Thai police made two arrests as Interpol's 97-country sweep logged 5,811 arrests and $293 million in intercepted assets.
By: The Defiant Team · Edited by Camila Russo
Interpol Ties $122.5M Crypto Wallet to Romance Scam Ring

A 20-year-old's cryptocurrency wallet processed more than $122.5 million in suspected romance-scam proceeds over 10 months, Interpol said, after Thai police made two arrests tied to a cross-chain laundering scheme uncovered during a global crackdown.

The case surfaced from Operation First Light 2026, a sweep coordinated by Interpol that led to 5,811 arrests and the interception of $293 million in illicit assets across 97 countries and territories, the organization said in a statement posted to its official X account Thursday. The operation identified more than 142,000 victims worldwide, blocked 31,014 bank accounts, analyzed 152,808 cases and issued 99 Interpol Notices and Diffusions, using its Global Rapid Intervention of Payments mechanism to freeze both fiat and virtual assets.

Cross-Chain Laundering

The Thai case involved operators who funneled scam proceeds into a mix of cryptocurrencies and used cross-chain token swaps, shifting funds between blockchains to obscure the trail, according to Interpol's report.
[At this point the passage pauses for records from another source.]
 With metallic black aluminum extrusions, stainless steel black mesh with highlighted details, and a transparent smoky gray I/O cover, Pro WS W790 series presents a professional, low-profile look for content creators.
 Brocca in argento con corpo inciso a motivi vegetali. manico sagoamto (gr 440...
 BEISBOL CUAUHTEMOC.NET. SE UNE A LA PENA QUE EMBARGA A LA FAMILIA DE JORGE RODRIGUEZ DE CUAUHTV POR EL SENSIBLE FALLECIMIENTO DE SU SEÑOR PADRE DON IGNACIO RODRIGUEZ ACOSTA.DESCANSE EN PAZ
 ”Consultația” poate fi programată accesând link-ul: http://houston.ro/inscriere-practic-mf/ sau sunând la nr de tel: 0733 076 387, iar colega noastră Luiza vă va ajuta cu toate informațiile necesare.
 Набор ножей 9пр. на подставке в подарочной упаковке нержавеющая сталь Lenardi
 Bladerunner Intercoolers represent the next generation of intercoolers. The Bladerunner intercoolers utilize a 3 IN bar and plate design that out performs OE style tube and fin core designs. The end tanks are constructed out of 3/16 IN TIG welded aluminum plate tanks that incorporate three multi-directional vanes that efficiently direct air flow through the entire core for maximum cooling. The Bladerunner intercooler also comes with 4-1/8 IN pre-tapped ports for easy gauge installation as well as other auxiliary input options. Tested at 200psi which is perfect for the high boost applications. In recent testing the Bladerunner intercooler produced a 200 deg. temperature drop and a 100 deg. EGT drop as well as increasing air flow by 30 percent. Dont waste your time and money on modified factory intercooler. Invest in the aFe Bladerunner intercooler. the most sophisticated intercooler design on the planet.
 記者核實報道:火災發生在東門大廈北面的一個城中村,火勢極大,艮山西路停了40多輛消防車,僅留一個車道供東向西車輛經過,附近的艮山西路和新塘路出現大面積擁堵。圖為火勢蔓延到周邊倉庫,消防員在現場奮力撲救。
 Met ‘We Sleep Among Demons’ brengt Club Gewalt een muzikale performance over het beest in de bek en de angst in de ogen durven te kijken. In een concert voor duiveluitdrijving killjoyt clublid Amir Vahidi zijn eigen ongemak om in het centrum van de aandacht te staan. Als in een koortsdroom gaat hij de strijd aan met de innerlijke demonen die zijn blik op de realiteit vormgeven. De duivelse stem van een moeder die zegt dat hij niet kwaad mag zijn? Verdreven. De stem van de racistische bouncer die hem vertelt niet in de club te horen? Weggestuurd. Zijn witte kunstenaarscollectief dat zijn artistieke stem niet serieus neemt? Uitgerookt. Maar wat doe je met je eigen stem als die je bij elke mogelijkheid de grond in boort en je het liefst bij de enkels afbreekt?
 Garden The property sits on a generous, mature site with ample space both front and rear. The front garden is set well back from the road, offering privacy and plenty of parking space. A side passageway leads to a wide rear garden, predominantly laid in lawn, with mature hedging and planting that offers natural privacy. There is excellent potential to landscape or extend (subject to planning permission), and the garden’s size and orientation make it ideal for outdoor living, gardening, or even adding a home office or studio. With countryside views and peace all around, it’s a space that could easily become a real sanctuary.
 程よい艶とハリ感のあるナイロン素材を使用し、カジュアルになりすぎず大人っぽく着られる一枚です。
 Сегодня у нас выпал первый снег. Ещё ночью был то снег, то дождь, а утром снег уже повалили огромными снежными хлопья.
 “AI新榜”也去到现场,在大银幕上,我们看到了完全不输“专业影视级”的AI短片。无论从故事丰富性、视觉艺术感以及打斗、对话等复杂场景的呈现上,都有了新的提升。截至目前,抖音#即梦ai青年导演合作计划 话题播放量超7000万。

The 20-year-old suspect's wallet moved the $122.5 million over 10 months, one of the standout cases from the four-month operation, which ran from mid-January through the end of April.

"Criminal syndicates exploit human psychology to manipulate their targets," Tomonobu Kaya, who heads Interpol's financial crime and anti-corruption center, said, adding that no country can stay safe unless all push back together. Romance scams, often called "pig butchering," typically build trust over weeks before steering victims into fake crypto investments.

The bust adds to a string of recent crypto-linked fraud crackdowns, including $580 million seized from Chinese networks in February and a 24-person fraud sweep in Argentina in May.

To be sure, Interpol has not named the Thai suspects or specified which blockchains the cross-chain swaps ran through, and the full case details remain undisclosed pending prosecution. The organization did not break out how much of the $293 million total was cryptocurrency versus fiat.